Suffer little children

Children, some as young as nine years old, clothed in war suits with distinctive red arm bands and brandishing plastic keys are a familiar sight in many Iranian cities. The red arm bands signify a willingness to die a martyr’s death. The plastic key is to open the gates of paradise. Attracted from the more poverty stricken areas of Iran, these children are indoctrinated to a high pitch of religious madness, given a few weeks’ military training and then moved up to the front line. Once they are in the thick of it, the children are used in suicide attacks, sent blindly and unarmed into the minefields to act as human mine-flails. They are sent on mindless mass attacks towards the Iraqi defence, to draw fire sp that the regular Iranian soldiers can pinpoint Iraqi firing positions. It has been estimated that well over 50,000 Iranian children have been slaughtered in this war since this war began. At a United Nations meeting an Iranian statement in their defence seemed based on the fact that the children are “volunteers” and that the Iranian leadership could not and would not deny children the right to be martyrs.

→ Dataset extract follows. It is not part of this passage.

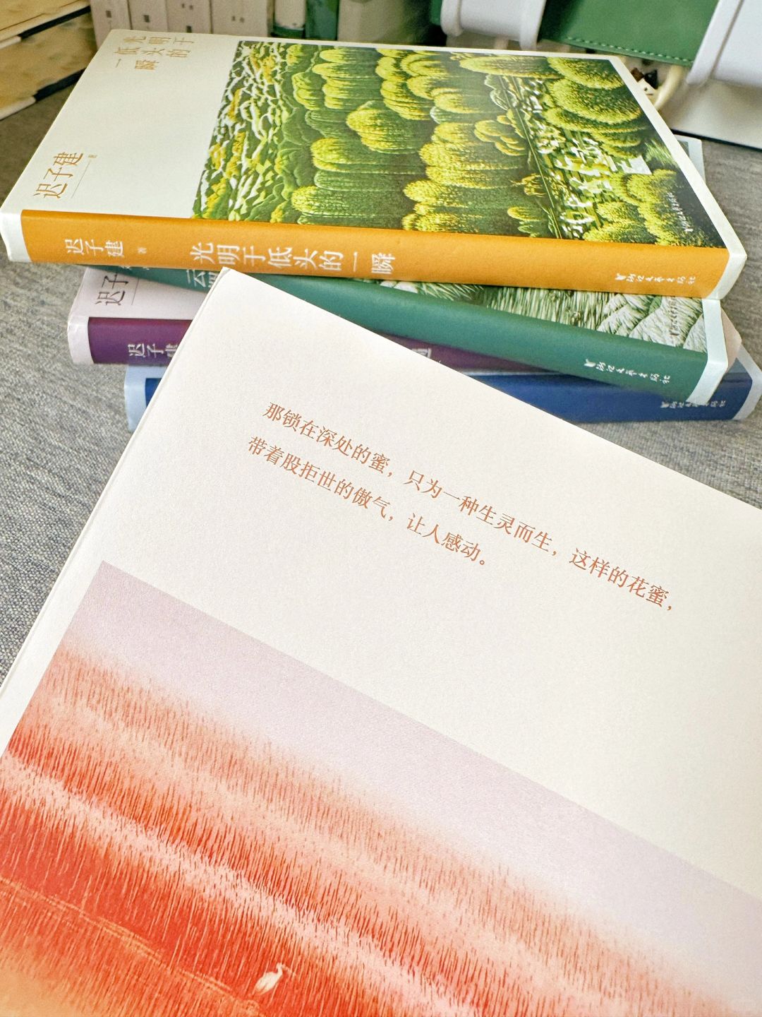 🔖这套散文集有5本,每一本都让我读得忘记了自己,沉迷其中无法自拔。也许是造物主格外垂怜她手中的那支笔吧!否则怎么会从笔下流淌出那么多直抵人心的词句!

Child labour is supposed to have gone out with the last century. The sad reality is that the labour of millions of children throughout the world is still abused. This is the modern world of nine-year-old coal miners and eight-year-old prostitutes, of little girls who work twelve-hour shifts in factories and of small children abandoned to live by their wits on city streets. Employers all over the world see children as a source of cheap, obedient and profitable labour power.

Over 40,000 children under five die each day of hunger and disease. UNICEF estimate that between fifteen and seventeen million children under five die every year. This is before war, drought and other factors have taken their toll. In South Africa 90 per cent of people in the rural areas of Ciskei get their water from open sources shared with livestock. In one village in the Venda Bantustan, ten out of thirty babies born died because of contaminated water and 62 per cent of schoolchildren from the Ciskei Bantustan do not meet the World Health Organisation’s nutritional standards, although “the money required to provide adequate food, water, health and housing for everyone in the world has been estimated at $17 billion a year . . . . About as much as the world spends on arms every two weeks” (Campaign Against the Arms Trade).

The future of children all over the world depends on us, the entire working class. Either they continue to suffer or we take steps to ensure a safer and more humane way of life for all of us.